[[ Study material, beginning ]]
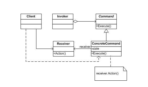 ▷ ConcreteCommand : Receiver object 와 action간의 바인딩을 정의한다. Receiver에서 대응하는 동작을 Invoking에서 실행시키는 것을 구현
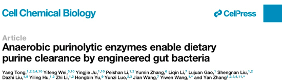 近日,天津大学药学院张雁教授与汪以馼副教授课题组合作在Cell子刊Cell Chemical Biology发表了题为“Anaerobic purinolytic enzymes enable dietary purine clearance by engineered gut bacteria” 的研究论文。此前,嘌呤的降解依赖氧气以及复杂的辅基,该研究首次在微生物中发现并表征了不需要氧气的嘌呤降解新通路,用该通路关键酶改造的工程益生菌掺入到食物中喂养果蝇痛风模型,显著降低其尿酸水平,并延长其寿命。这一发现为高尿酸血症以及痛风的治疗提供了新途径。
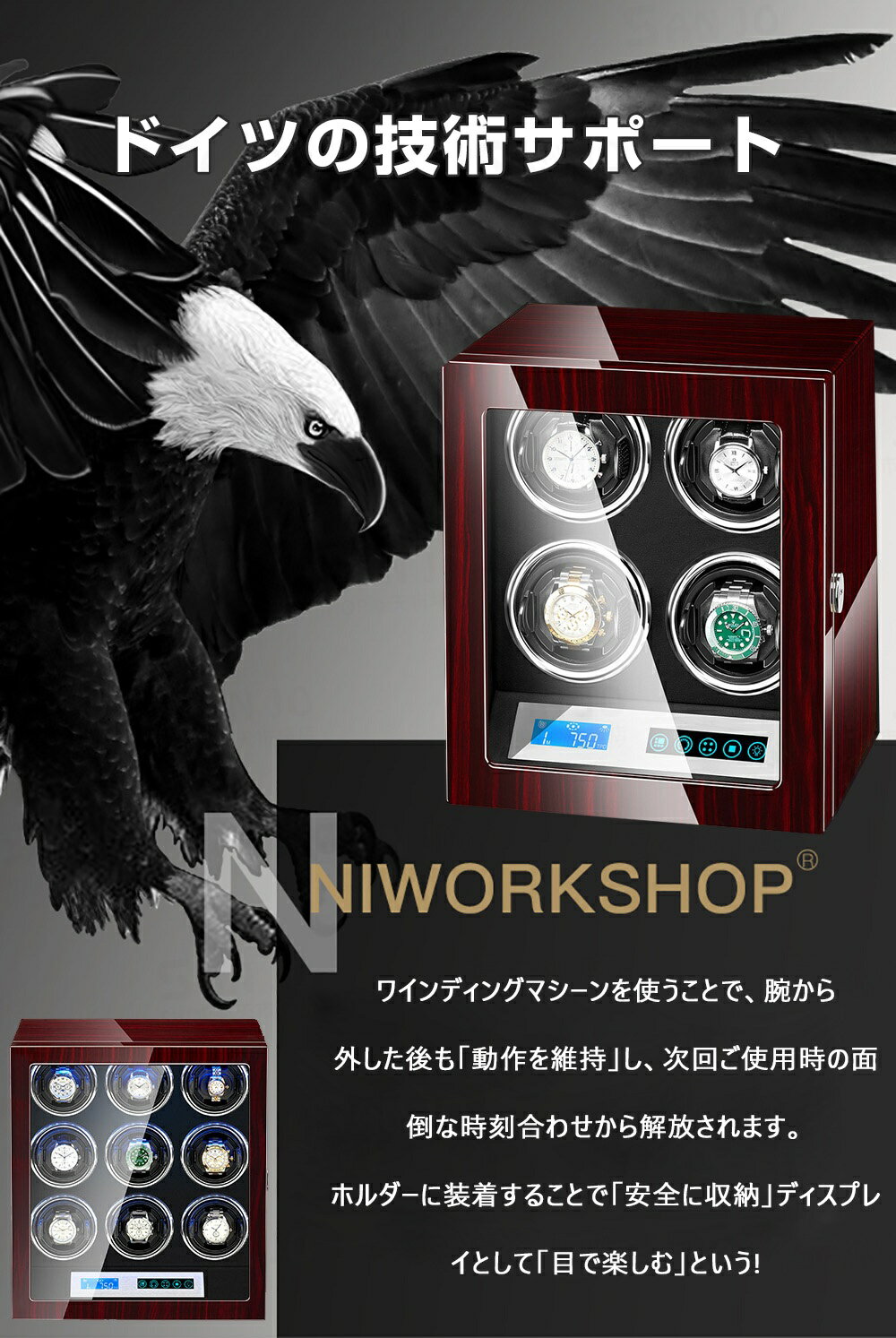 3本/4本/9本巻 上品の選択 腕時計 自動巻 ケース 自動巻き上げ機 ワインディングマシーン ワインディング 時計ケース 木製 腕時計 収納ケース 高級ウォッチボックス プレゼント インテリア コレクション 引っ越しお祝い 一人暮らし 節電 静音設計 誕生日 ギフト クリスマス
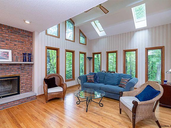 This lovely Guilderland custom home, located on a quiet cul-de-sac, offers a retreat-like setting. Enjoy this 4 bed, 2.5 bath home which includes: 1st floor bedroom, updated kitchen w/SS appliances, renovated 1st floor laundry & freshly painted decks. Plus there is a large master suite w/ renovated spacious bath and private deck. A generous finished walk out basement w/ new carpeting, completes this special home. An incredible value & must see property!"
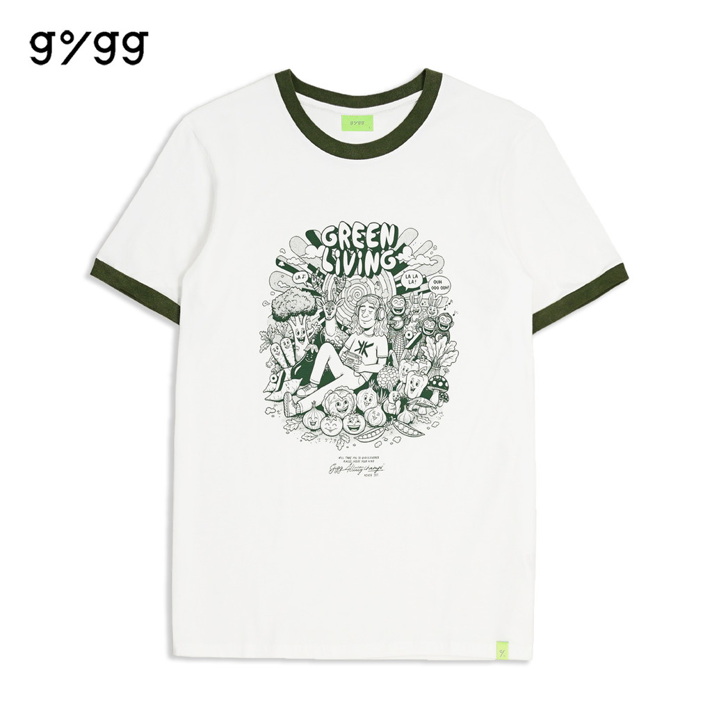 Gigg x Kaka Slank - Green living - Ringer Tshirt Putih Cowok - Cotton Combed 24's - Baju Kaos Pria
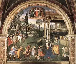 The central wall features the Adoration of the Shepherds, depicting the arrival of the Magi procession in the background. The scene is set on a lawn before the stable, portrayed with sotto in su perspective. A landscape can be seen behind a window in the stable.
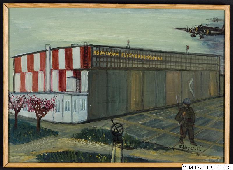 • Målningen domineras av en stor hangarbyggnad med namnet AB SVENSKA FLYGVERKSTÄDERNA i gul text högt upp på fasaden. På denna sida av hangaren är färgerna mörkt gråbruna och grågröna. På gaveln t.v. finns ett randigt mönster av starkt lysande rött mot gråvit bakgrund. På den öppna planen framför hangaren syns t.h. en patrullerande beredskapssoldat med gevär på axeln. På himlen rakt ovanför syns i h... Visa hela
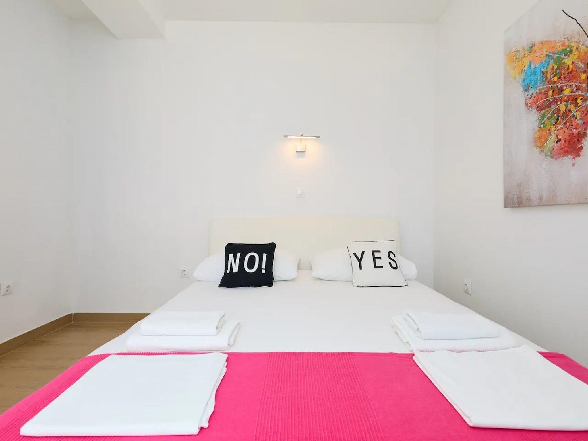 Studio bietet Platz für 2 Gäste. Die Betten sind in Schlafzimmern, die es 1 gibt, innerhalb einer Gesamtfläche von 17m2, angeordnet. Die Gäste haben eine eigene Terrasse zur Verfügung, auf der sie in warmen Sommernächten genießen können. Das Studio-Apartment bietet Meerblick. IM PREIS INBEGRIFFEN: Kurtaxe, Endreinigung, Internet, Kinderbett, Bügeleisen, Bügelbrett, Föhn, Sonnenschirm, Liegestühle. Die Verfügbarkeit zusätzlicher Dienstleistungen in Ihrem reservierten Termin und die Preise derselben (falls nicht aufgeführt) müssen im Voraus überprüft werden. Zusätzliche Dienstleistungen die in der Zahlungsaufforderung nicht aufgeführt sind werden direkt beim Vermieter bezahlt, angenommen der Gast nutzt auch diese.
[[ Study material, end ]]
Problem statement
The entries are to be written out again exactly, without their pictures.

Result of this exercise
 ▷ ConcreteCommand : Receiver object 와 action간의 바인딩을 정의한다. Receiver에서 대응하는 동작을 Invoking에서 실행시키는 것을 구현
 近日,天津大学药学院张雁教授与汪以馼副教授课题组合作在Cell子刊Cell Chemical Biology发表了题为“Anaerobic purinolytic enzymes enable dietary purine clearance by engineered gut bacteria” 的研究论文。此前,嘌呤的降解依赖氧气以及复杂的辅基,该研究首次在微生物中发现并表征了不需要氧气的嘌呤降解新通路,用该通路关键酶改造的工程益生菌掺入到食物中喂养果蝇痛风模型,显著降低其尿酸水平,并延长其寿命。这一发现为高尿酸血症以及痛风的治疗提供了新途径。
 3本/4本/9本巻 上品の選択 腕時計 自動巻 ケース 自動巻き上げ機 ワインディングマシーン ワインディング 時計ケース 木製 腕時計 収納ケース 高級ウォッチボックス プレゼント インテリア コレクション 引っ越しお祝い 一人暮らし 節電 静音設計 誕生日 ギフト クリスマス
 This lovely Guilderland custom home, located on a quiet cul-de-sac, offers a retreat-like setting. Enjoy this 4 bed, 2.5 bath home which includes: 1st floor bedroom, updated kitchen w/SS appliances, renovated 1st floor laundry & freshly painted decks. Plus there is a large master suite w/ renovated spacious bath and private deck. A generous finished walk out basement w/ new carpeting, completes this special home. An incredible value & must see property!"
 Gigg x Kaka Slank - Green living - Ringer Tshirt Putih Cowok - Cotton Combed 24's - Baju Kaos Pria
 The central wall features the Adoration of the Shepherds, depicting the arrival of the Magi procession in the background. The scene is set on a lawn before the stable, portrayed with sotto in su perspective. A landscape can be seen behind a window in the stable.
 • Målningen domineras av en stor hangarbyggnad med namnet AB SVENSKA FLYGVERKSTÄDERNA i gul text högt upp på fasaden. På denna sida av hangaren är färgerna mörkt gråbruna och grågröna. På gaveln t.v. finns ett randigt mönster av starkt lysande rött mot gråvit bakgrund. På den öppna planen framför hangaren syns t.h. en patrullerande beredskapssoldat med gevär på axeln. På himlen rakt ovanför syns i h... Visa hela
 Studio bietet Platz für 2 Gäste. Die Betten sind in Schlafzimmern, die es 1 gibt, innerhalb einer Gesamtfläche von 17m2, angeordnet. Die Gäste haben eine eigene Terrasse zur Verfügung, auf der sie in warmen Sommernächten genießen können. Das Studio-Apartment bietet Meerblick. IM PREIS INBEGRIFFEN: Kurtaxe, Endreinigung, Internet, Kinderbett, Bügeleisen, Bügelbrett, Föhn, Sonnenschirm, Liegestühle. Die Verfügbarkeit zusätzlicher Dienstleistungen in Ihrem reservierten Termin und die Preise derselben (falls nicht aufgeführt) müssen im Voraus überprüft werden. Zusätzliche Dienstleistungen die in der Zahlungsaufforderung nicht aufgeführt sind werden direkt beim Vermieter bezahlt, angenommen der Gast nutzt auch diese.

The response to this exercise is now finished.